注:斯科特迈尔斯解释的有效STL 的,为什么上面需要独立的变量声明 istream_iterator
。通常情况下,你会做这样的事情:
Note: Scott Meyers explains in Effective STL why the separate variable declarations for istream_iterator
are needed above. Normally, you would do something like this:
ifstream infile("my-file.txt");
vector<int> my_ints(istream_iterator<int>(infile), istream_iterator<int>());
不过,C ++实际上是在分析一个令人难以置信的怪异的方式,第二行。它把它看作这需要两个参数,并返回一个矢量&lt名为
my_ints函数的声明; INT&GT;
。第一个参数是类型 istream_iterator&LT的; INT&GT;
并命名为 INFILE
(在括号混合被忽略)。第二个参数是一个函数指针没有名称发生(因为括号混合的)零参数和返回类型的对象 istream_iterator&LT; INT&GT;
However, C++ actually parses the second line in an incredibly bizarre way. It sees it as the declaration of a function named my_ints
that takes in two parameters and returns a vector<int>
. The first parameter is of type istream_iterator<int>
and is named infile
(the parantheses are ignored).

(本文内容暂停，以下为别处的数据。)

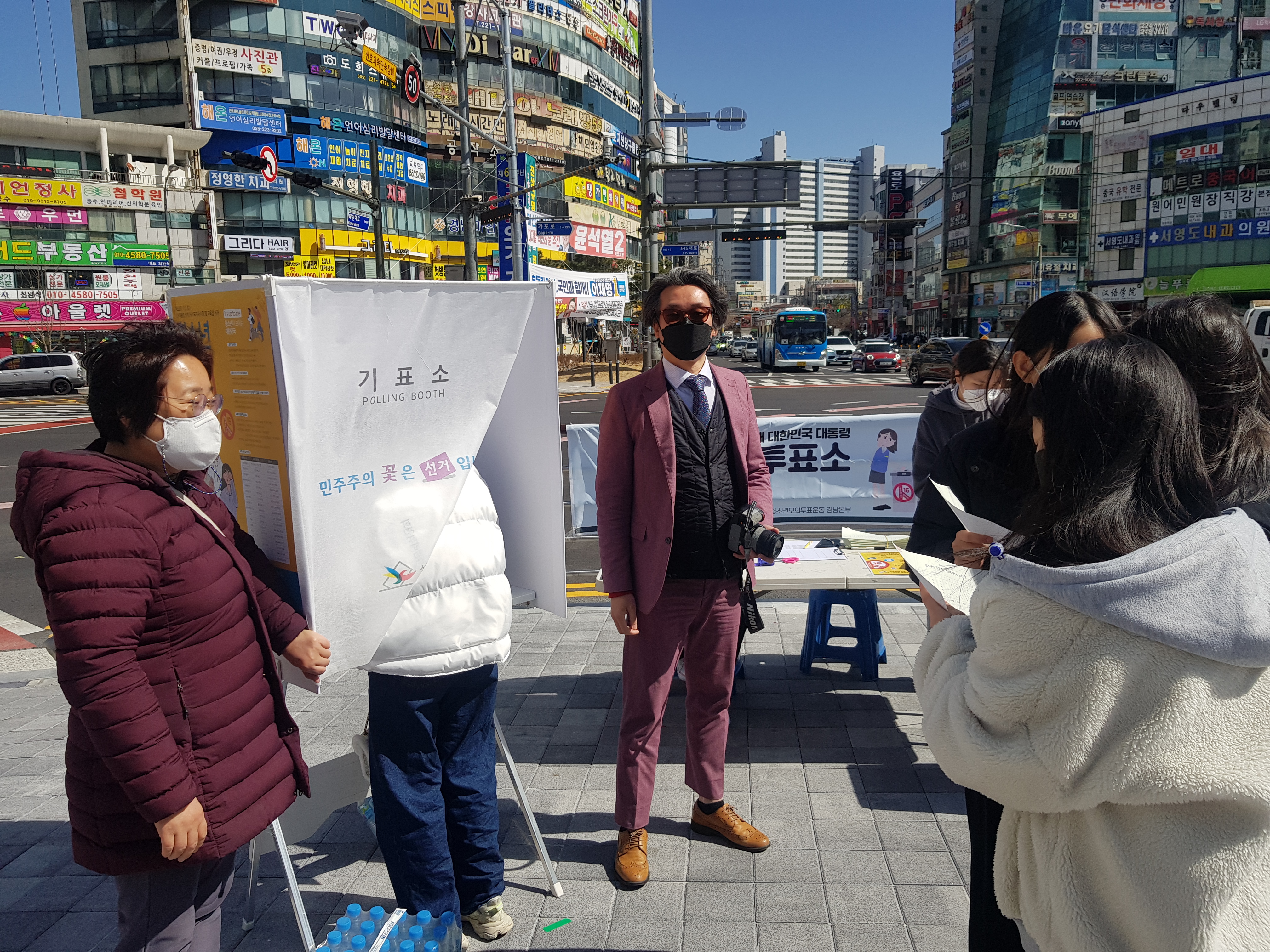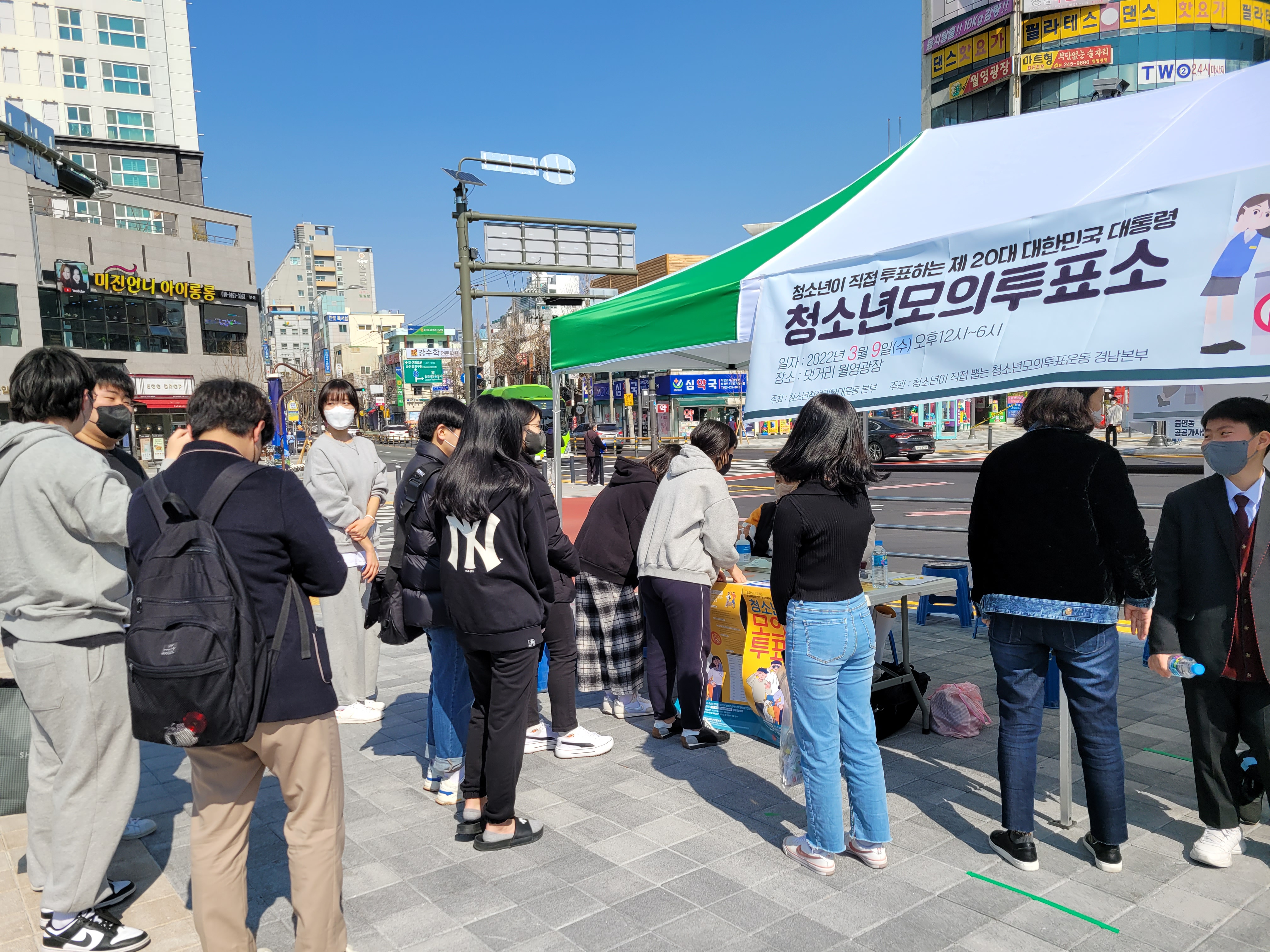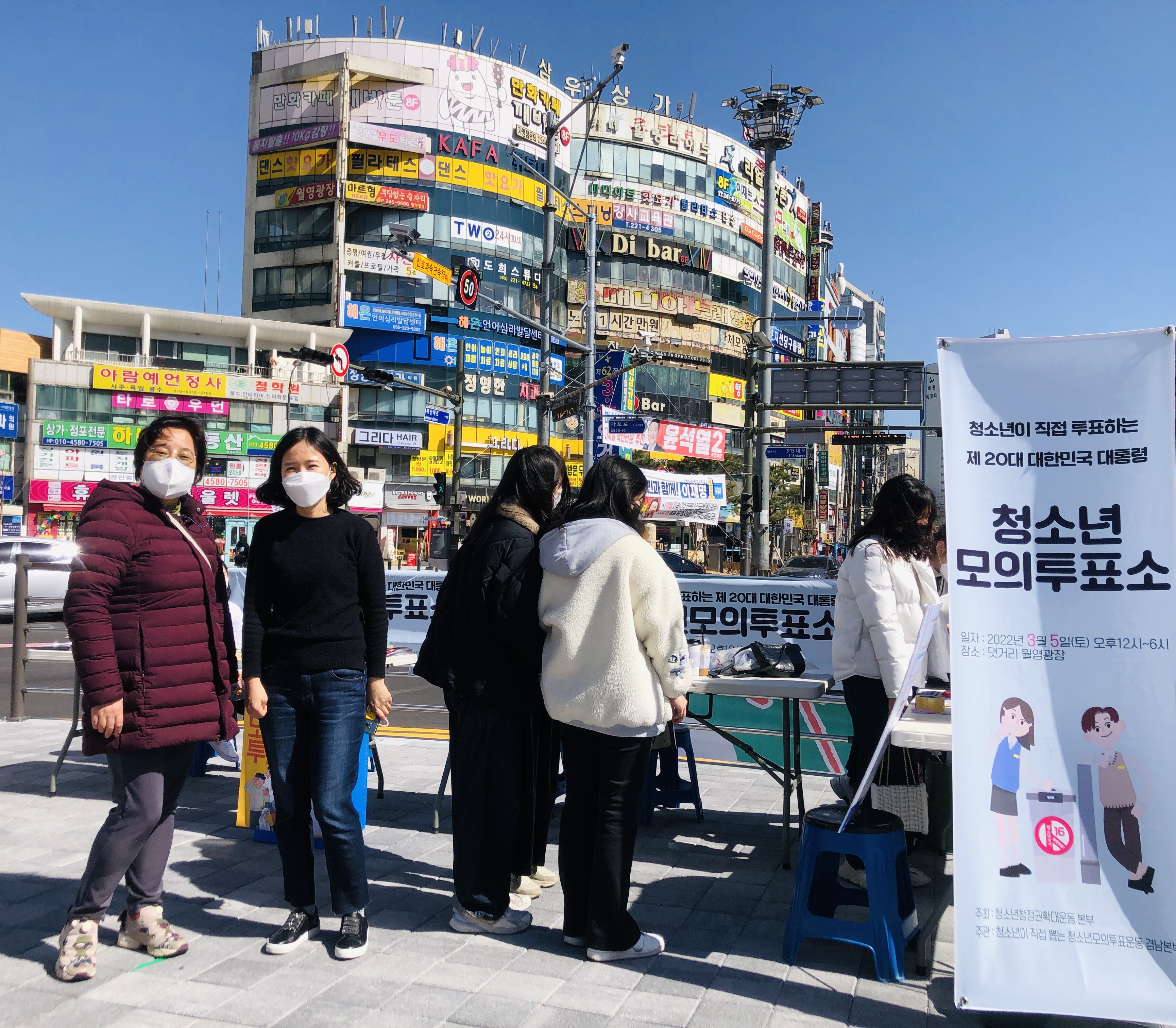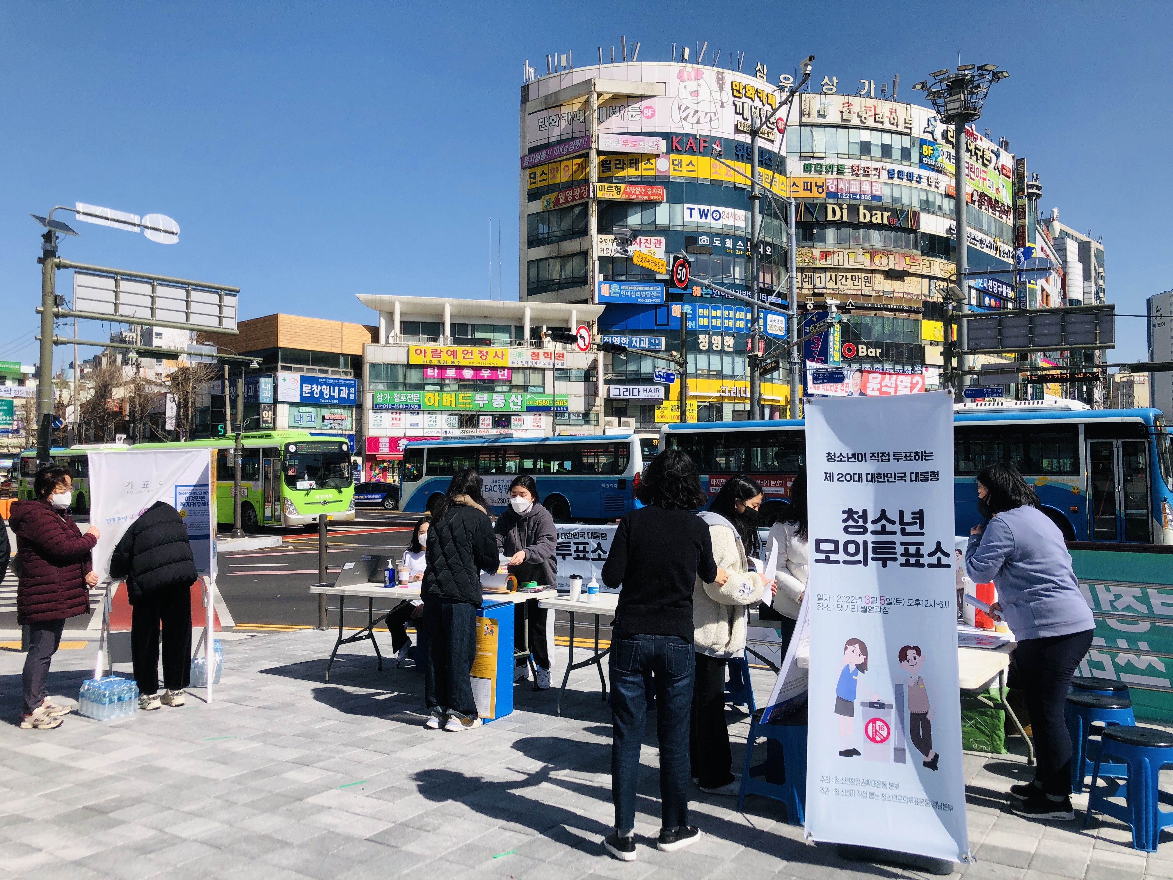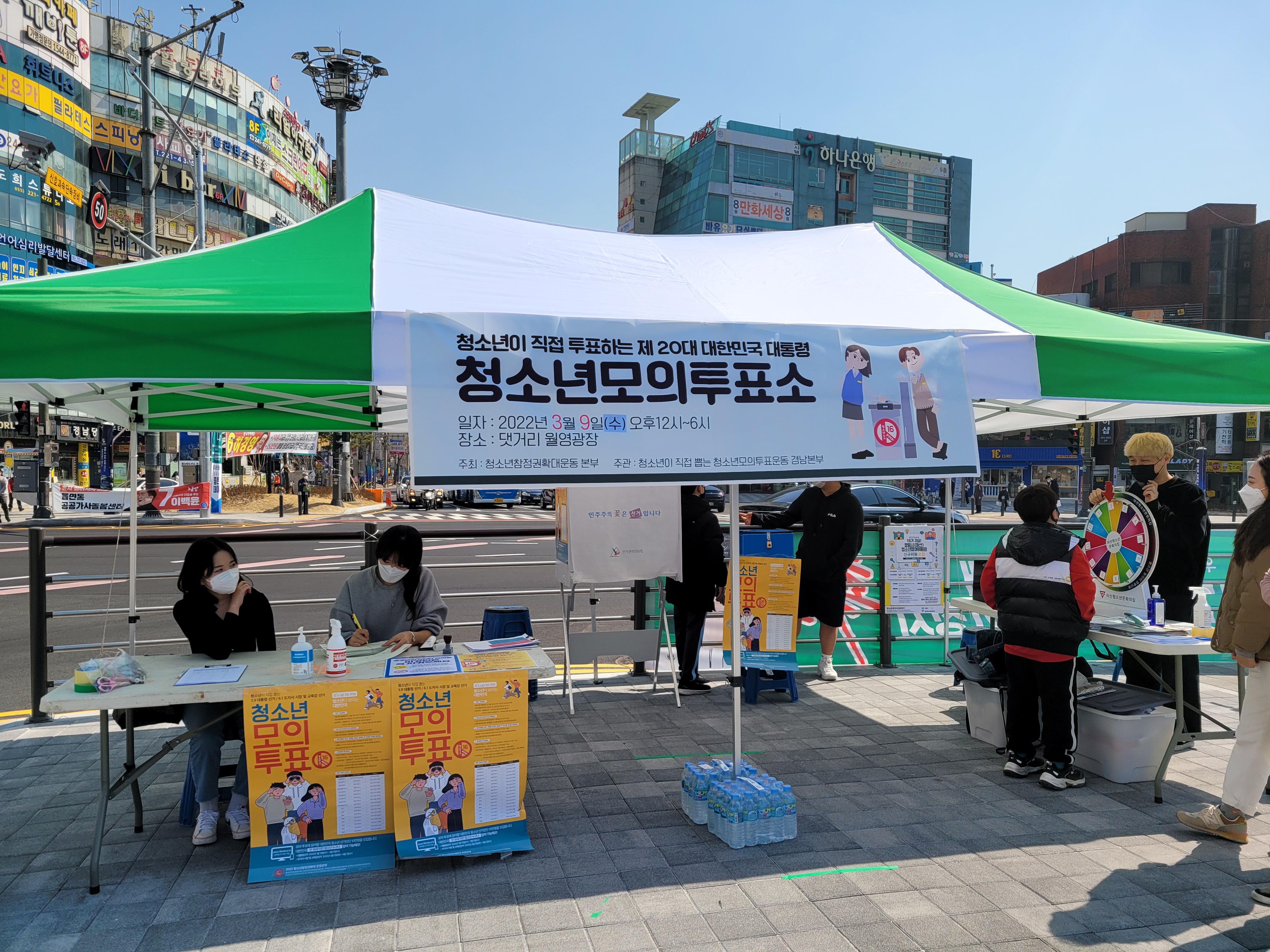 마산청소년YMCA 회원들이 3월 5일, 3월 9일 마산 댓거리 월영광장과 합성동 위카페 다온에서 청소년이 직접 뽑는 제 20대 대한민국 대통령 청소년모의투표에 지역청소년들이 직접 참여할 수 있도록 오프라인 투표소를 운영하였습니다.

The second parameter is a function pointer with no name that takes zero arguments (because of the parantheses) and returns an object of type istream_iterator<int>
.
pretty的清凉,同时也pretty的加重,如果你没有看出来了。
Pretty cool, but also pretty aggravating if you're not watching out for it.
修改
下面是一个使用一个例子 istreambuf_iterator
读取的64位数字的文件奠定了终端到终端的:
Here's an example using the istreambuf_iterator
to read in a file of 64-bit numbers laid out end-to-end:
#include <fstream>
#include <vector>
#include <algorithm>
#include <iterator>
using namespace std;
int main(int argc, char** argv)
{
ifstream input("my-file.txt");
istreambuf_iterator<char> input_begin(input);
istreambuf_iterator<char> input_end;
// Fill a char vector with input file's contents:
vector<char> char_input(input_begin, input_end);
input.close();
// Convert it to an array of unsigned long with a cast:
unsigned long* converted = reinterpret_cast<unsigned long*>(&char_input[0]);
size_t num_long_elements = char_input.size() * sizeof(char) / sizeof(unsigned long);
// Put that information into a vector:
vector<unsigned long> long_input(converted, converted + num_long_elements);
return 0;
}
现在,我个人很不喜欢这个解决方案(使用 reinter pret_cast
,露出 char_input
的数组),但我不与 istreambuf_iterator
不够熟悉而舒适地使用一个模板化的超过64位字符,这将使这个容易得多。
Now, I personally rather dislike this solution (using reinterpret_cast
, exposing char_input
's array), but I'm not familiar enough with istreambuf_iterator
to comfortably use one templatized over 64-bit characters, which would make this much easier.
这篇关于在C ++蟒蛇发电机等效的缓存读取的文章就介绍到这了,希望我们推荐的答案对大家有所帮助,也希望大家多多支持IT屋!